§ **What you will do**
Nothing but the lines below from the one containing "Nhà cấp 4 mái" through the one containing "首届中国国际供应链促进博览会筹备情况新闻发布会现场。" should appear in the answer, exact and without pictures.

§ **Data supplied**
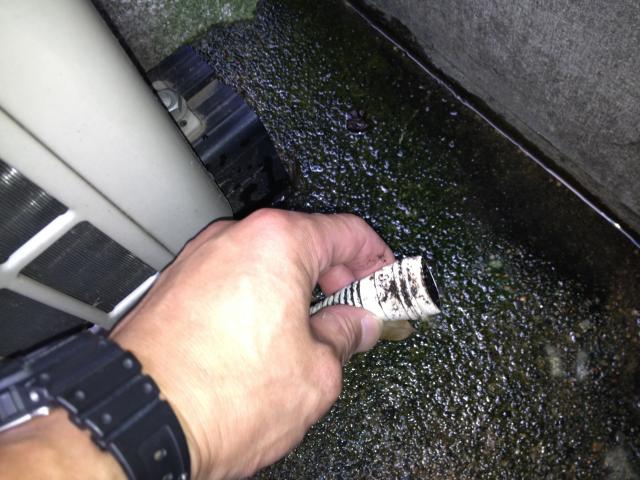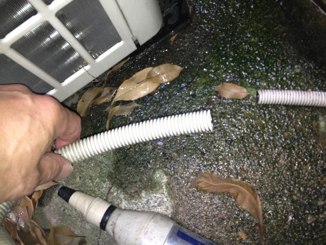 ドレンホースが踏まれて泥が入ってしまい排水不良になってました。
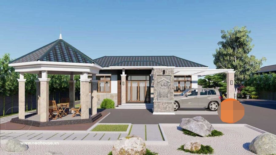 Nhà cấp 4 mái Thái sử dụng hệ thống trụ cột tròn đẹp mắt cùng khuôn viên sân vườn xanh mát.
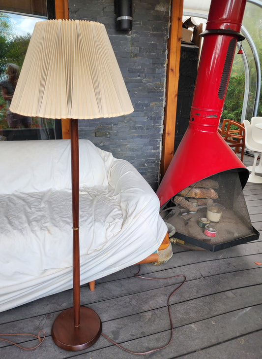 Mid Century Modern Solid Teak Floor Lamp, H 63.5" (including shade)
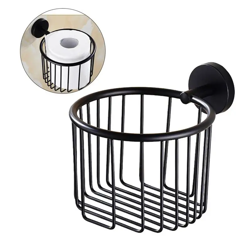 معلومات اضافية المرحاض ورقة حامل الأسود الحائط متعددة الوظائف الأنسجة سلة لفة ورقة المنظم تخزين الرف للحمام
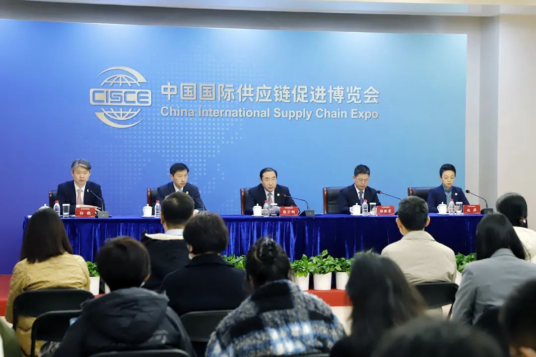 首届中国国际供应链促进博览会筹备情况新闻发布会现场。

==

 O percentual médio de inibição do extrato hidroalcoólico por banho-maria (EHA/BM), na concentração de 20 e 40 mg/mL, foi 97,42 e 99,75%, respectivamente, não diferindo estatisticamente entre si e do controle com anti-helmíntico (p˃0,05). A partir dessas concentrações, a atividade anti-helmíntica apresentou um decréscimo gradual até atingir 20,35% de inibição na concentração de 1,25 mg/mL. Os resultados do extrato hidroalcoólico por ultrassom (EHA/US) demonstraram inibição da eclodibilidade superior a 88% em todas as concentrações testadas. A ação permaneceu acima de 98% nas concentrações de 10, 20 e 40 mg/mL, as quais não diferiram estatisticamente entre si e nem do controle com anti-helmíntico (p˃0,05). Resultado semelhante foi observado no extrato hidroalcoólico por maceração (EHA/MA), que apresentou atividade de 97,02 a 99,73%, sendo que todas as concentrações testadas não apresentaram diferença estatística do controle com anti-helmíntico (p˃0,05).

§ **Your response**
 Nhà cấp 4 mái Thái sử dụng hệ thống trụ cột tròn đẹp mắt cùng khuôn viên sân vườn xanh mát.
 Mid Century Modern Solid Teak Floor Lamp, H 63.5" (including shade)
 معلومات اضافية المرحاض ورقة حامل الأسود الحائط متعددة الوظائف الأنسجة سلة لفة ورقة المنظم تخزين الرف للحمام
 首届中国国际供应链促进博览会筹备情况新闻发布会现场。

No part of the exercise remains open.